#### YOUR ASSIGNMENT:
Pictures in the material below are to be left out, and only the lines from the line with "Împreună cu primarul" up to and including the line with "pium 넥타이 포함 스퀘어 프릴 긴팔 상의 & 스커트 블랙 스트라이프" are to be written out exactly.

#### GIVEN DATA:
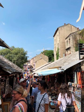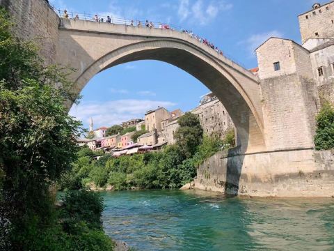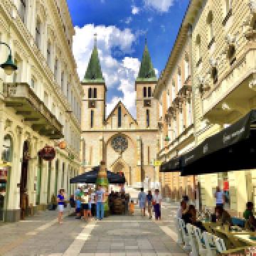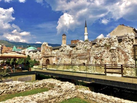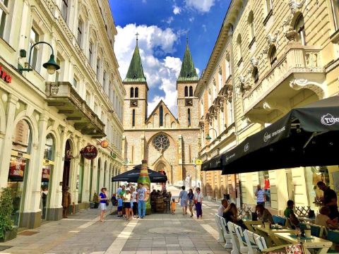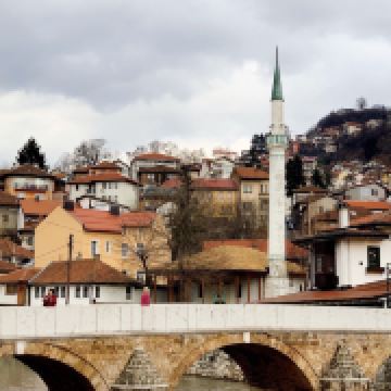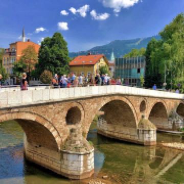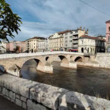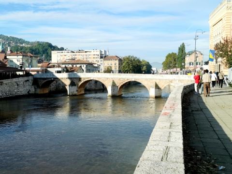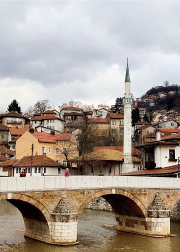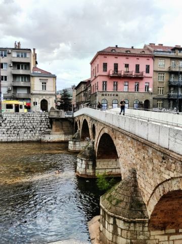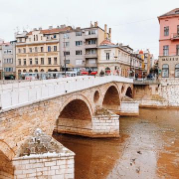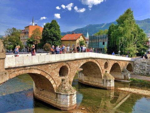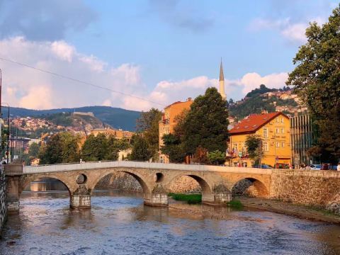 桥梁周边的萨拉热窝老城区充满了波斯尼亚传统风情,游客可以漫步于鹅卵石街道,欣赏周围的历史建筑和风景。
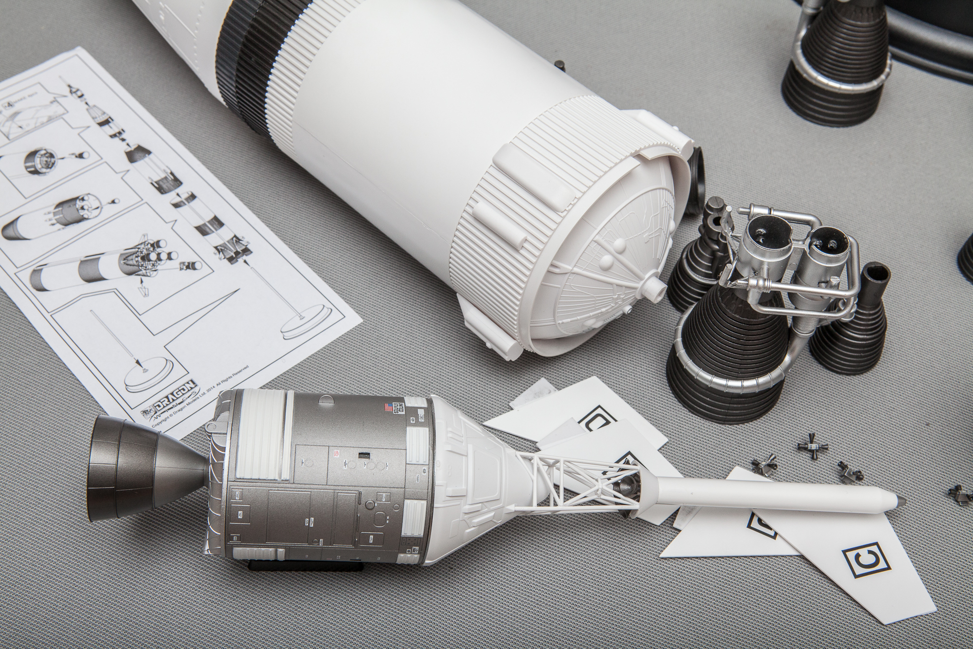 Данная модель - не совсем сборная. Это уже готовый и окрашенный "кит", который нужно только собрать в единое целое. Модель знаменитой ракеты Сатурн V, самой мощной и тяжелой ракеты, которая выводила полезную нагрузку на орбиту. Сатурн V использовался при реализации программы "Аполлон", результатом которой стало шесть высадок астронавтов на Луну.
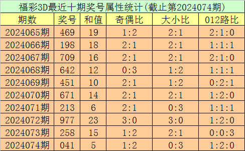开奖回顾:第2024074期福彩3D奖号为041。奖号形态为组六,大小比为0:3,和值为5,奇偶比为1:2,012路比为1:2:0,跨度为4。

==

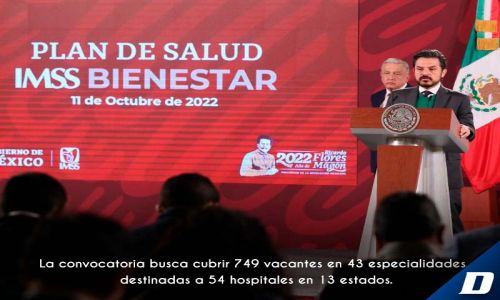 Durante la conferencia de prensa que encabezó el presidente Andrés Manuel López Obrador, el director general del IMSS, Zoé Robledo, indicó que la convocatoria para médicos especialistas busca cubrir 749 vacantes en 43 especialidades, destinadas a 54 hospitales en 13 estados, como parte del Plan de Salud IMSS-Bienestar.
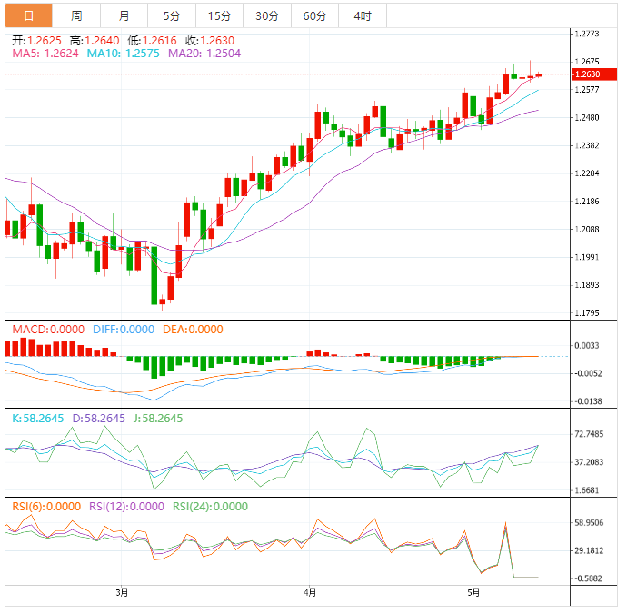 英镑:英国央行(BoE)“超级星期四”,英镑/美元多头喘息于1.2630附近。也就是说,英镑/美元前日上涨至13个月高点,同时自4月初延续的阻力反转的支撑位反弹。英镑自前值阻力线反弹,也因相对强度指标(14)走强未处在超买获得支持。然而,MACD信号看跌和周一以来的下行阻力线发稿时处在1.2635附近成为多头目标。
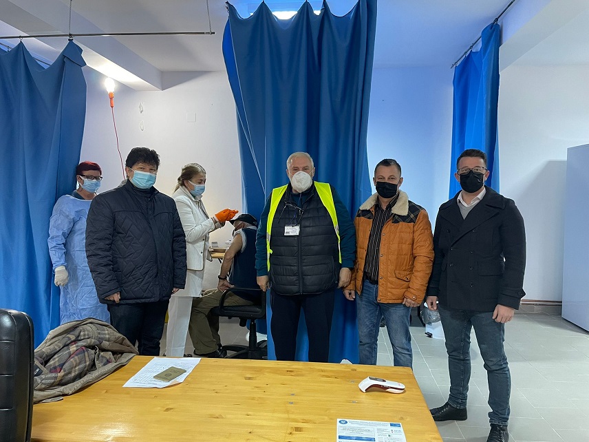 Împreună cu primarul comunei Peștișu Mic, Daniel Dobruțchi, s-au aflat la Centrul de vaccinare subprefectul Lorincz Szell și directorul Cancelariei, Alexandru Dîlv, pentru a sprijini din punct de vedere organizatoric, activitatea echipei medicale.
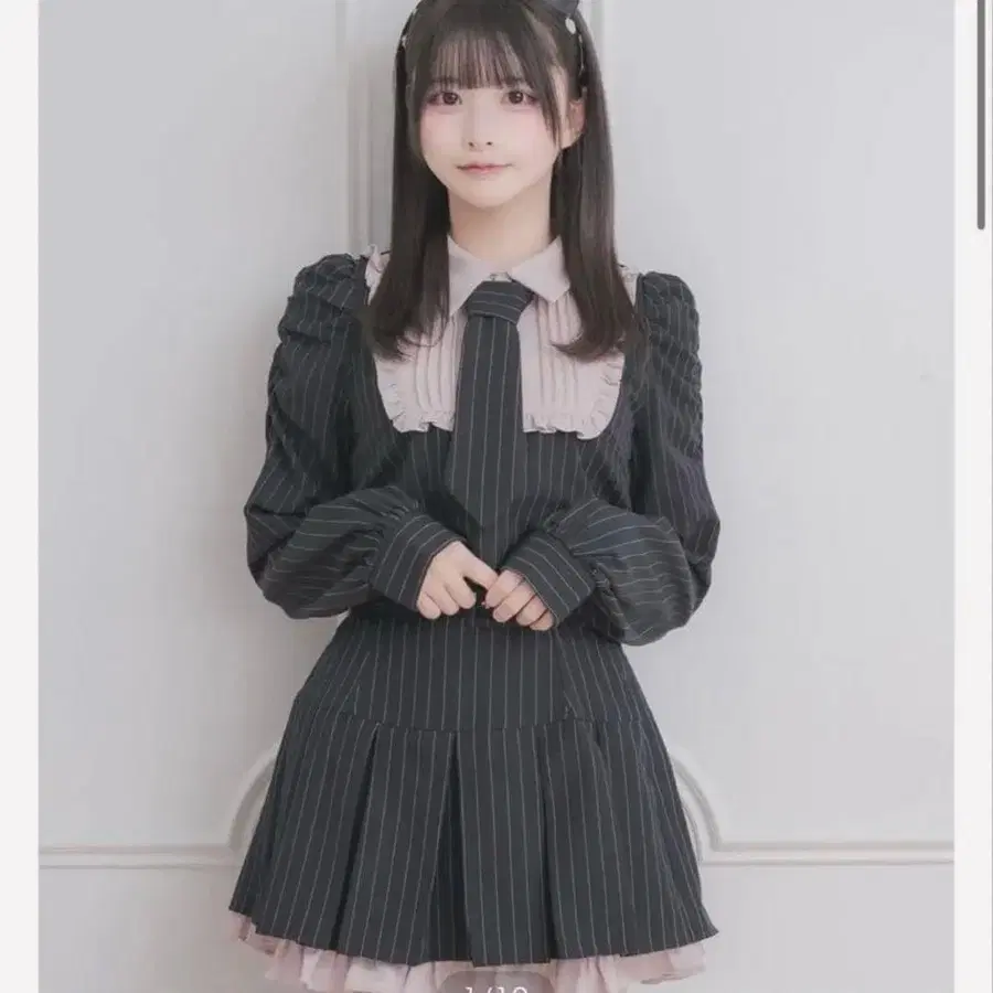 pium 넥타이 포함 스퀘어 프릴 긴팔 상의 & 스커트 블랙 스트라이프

#### REPLY:
 Împreună cu primarul comunei Peștișu Mic, Daniel Dobruțchi, s-au aflat la Centrul de vaccinare subprefectul Lorincz Szell și directorul Cancelariei, Alexandru Dîlv, pentru a sprijini din punct de vedere organizatoric, activitatea echipei medicale.
 pium 넥타이 포함 스퀘어 프릴 긴팔 상의 & 스커트 블랙 스트라이프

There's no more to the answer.